### Action item
The pictures do not go in the copy. Reproduce the rest of the entries exactly.

========

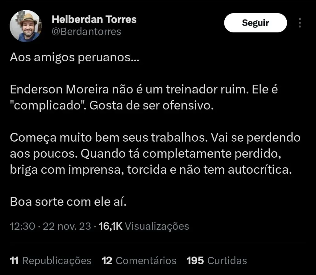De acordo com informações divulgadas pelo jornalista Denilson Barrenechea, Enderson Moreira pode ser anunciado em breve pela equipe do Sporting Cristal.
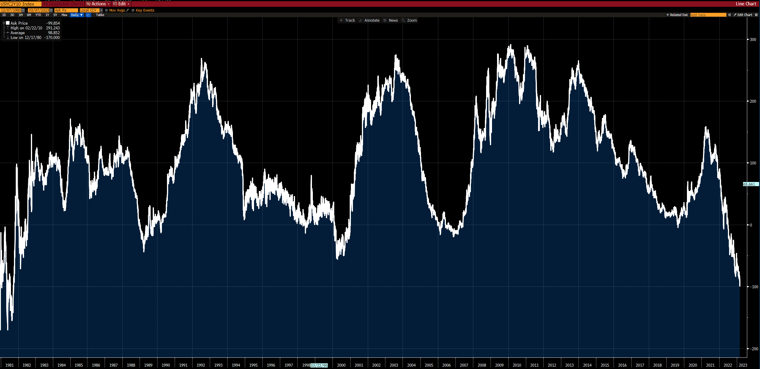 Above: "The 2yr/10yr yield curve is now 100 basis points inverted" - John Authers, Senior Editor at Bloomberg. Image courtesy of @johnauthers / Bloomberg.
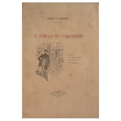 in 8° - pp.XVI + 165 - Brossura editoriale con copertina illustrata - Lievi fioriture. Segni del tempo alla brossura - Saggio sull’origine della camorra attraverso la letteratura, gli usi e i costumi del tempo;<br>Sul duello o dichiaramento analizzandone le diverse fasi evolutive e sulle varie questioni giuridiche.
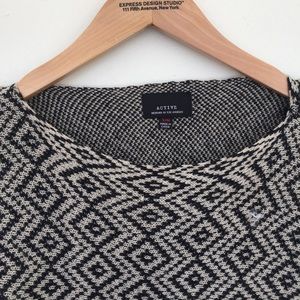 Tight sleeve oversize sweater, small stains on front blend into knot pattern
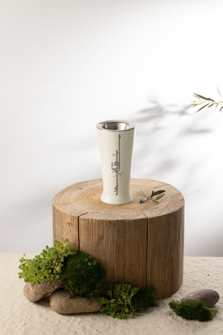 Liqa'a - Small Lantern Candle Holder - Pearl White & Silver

========

### Result of this exercise
De acordo com informações divulgadas pelo jornalista Denilson Barrenechea, Enderson Moreira pode ser anunciado em breve pela equipe do Sporting Cristal.
 Above: "The 2yr/10yr yield curve is now 100 basis points inverted" - John Authers, Senior Editor at Bloomberg. Image courtesy of @johnauthers / Bloomberg.
 in 8° - pp.XVI + 165 - Brossura editoriale con copertina illustrata - Lievi fioriture. Segni del tempo alla brossura - Saggio sull’origine della camorra attraverso la letteratura, gli usi e i costumi del tempo;<br>Sul duello o dichiaramento analizzandone le diverse fasi evolutive e sulle varie questioni giuridiche.
 Tight sleeve oversize sweater, small stains on front blend into knot pattern
 Liqa'a - Small Lantern Candle Holder - Pearl White & Silver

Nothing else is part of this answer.